Very interesting, Tom, thanks for the link.

It is interesting to note that although CouchDB and MongoDB sit on
different sides of the CAP triangle, their data model, from an
application perspective, is very similar.

But the implementation of the data model is very different, as Bill
Dueber mentioned before, with MongoDB doing updates in-place whenever
possible, and aggressively caching writes, both of which increase
update speed but also the risk of a corrupt database in case of a
crash. CouchDB does neither, so updates are much slower, but its data
is always in a consistent state on disk, because it only appends, and
appends are guaranteed to be atomic in posix systems.

-- 
Luciano Ramalho
programador repentista || stand-up programmer
Twitter: @luciano


[CODE4LIB] CouchDB

2009-03-17 Thread phil cryer
Hey all, I just started experimenting with CouchDB the other day, and
it's pretty cool.  With the amount of data the Botanical Heritage
Library (BHL) is carrying, this may be an option for the future.  Does
anyone have any experience with it, or any pointers to a good howto,
or basic setup/usage case?  I appreciate that it's a different
approach to an age old problem, and I can see it working hand in hand
with things like hadoop (hdfs), lucene/solr, etc.

P


Re: [CODE4LIB] CouchDB

2009-03-17 Thread Mark Jordan
Hi Phil,

I'm starting to play with CouchDB myself, mainly as a way of learning about 
schemaless databases. Have you seen the book that is being written, 
http://books.couchdb.org/relax/ ? So far it's got a pretty good set of 
up-and-running instructions and some basic howtos.

Mark

- phil cryer p...@cryer.us wrote:

 Hey all, I just started experimenting with CouchDB the other day, and
 it's pretty cool.  With the amount of data the Botanical Heritage
 Library (BHL) is carrying, this may be an option for the future. 
 Does
 anyone have any experience with it, or any pointers to a good howto,
 or basic setup/usage case?  I appreciate that it's a different
 approach to an age old problem, and I can see it working hand in hand
 with things like hadoop (hdfs), lucene/solr, etc.
 
 P


Re: [CODE4LIB] CouchDB

2009-03-17 Thread John Beppu
On Tue, Mar 17, 2009 at 7:22 AM, phil cryer p...@cryer.us wrote:

 Hey all, I just started experimenting with CouchDB the other day, and
 it's pretty cool.  With the amount of data the Botanical Heritage
 Library (BHL) is carrying, this may be an option for the future.  Does
 anyone have any experience with it, or any pointers to a good howto,
 or basic setup/usage case?  I appreciate that it's a different
 approach to an age old problem, and I can see it working hand in hand
 with things like hadoop (hdfs), lucene/solr, etc.
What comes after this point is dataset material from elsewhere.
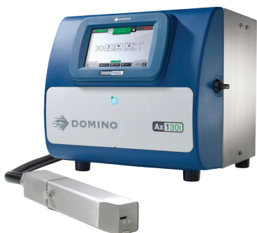
Ax130i – une solution idéale pour tous vos besoins de codage de base
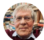
Af Erik Christensen

For full-text search, some experimental work has been done.

There's hypercouch which brings Hyper Estraier and CouchDB together:

http://github.com/davisp/hypercouch/tree/master

There's also couchdb-lucene which uses Lucene for full text search:

http://github.com/rnewson/couchdb-lucene/tree/master

People are still exploring this uncharted land (so to speak).  Querying is
accomplished by hooking up an external service to CouchDB.

http://wiki.apache.org/couchdb/ExternalProcesses

This is basically a process that stays resident, reads requests on STDIN and
sends responses on STDOUT as the wiki page I linked to above describes.

As for indexing, I think the smart way to do it is to follow
couchdb-lucene's example and setup an update_notification script.

--beppu